During half a year that I passed at about two leagues from Genoa, on the prettiest shore in the world, at Nervi, I had in that sheltered spot but one little sudden tempest, but while it lasted it raged with a quite wonderful fury. As I could not, quite so well as I wished, watch it from my window, I went out and along the narrow lanes that separate the palaces, I ventured down, not indeed, to the beach, for in reality, there is none worthy the name, but to a ledge of black, volcanic rock, which forms the shore, a narrow path, often not exceeding three feet in width, and as often overhanging the sea at varying heights of from thirty up to sixty feet. One could not see far out; the spray continually raised by the whirlwind, drew the curtain too closely too allow of one's seeing far, or seeing much, but all that was to be seen was sufficiently frightful. The raggedness, the salient and cutting angles, of this iron-bound coast, compelled the tempest to make incredible efforts, to take tremendous leaps, as, foaming and howling, it broke upon the pitiless rocks.

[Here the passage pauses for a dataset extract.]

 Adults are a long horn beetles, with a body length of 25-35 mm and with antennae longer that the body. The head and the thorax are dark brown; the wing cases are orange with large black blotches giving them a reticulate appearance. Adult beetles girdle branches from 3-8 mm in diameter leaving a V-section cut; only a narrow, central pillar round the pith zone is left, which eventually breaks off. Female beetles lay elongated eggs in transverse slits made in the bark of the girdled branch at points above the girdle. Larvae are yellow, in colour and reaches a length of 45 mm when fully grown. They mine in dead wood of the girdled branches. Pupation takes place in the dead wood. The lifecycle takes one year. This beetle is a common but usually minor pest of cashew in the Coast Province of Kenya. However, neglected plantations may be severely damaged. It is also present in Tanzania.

The tumult was absurd, mad; there was nothing connected, nothing regular; discordant thunders were mingled or followed by sharp shrill shrieks, like those of the steam engine; piercing shrieks, against which one only in vain tried to stop his ears. Stunned by this wild scene, which assailed sight and hearing at once, I steadied myself against a projecting wall of rock, and thus comparatively sheltered, I was better able to study the grandly furious strife. Short and chopping were the waves, and the fiercest of the strife was on this side where the sea broke on the ragged, yet sharply pointed rocks, as they rose boldly above, and ran out far beneath the waves, in long, shelving, reefs. The eye, as well as the ear was vexed, for a blinding snow was falling, its dazzling whiteness heightened by contrast with the dark waves into which it fell.
On the whole, I felt that the Sea had less to do than the land in rendering the scene terrible; it is exactly the contrary on the Ocean.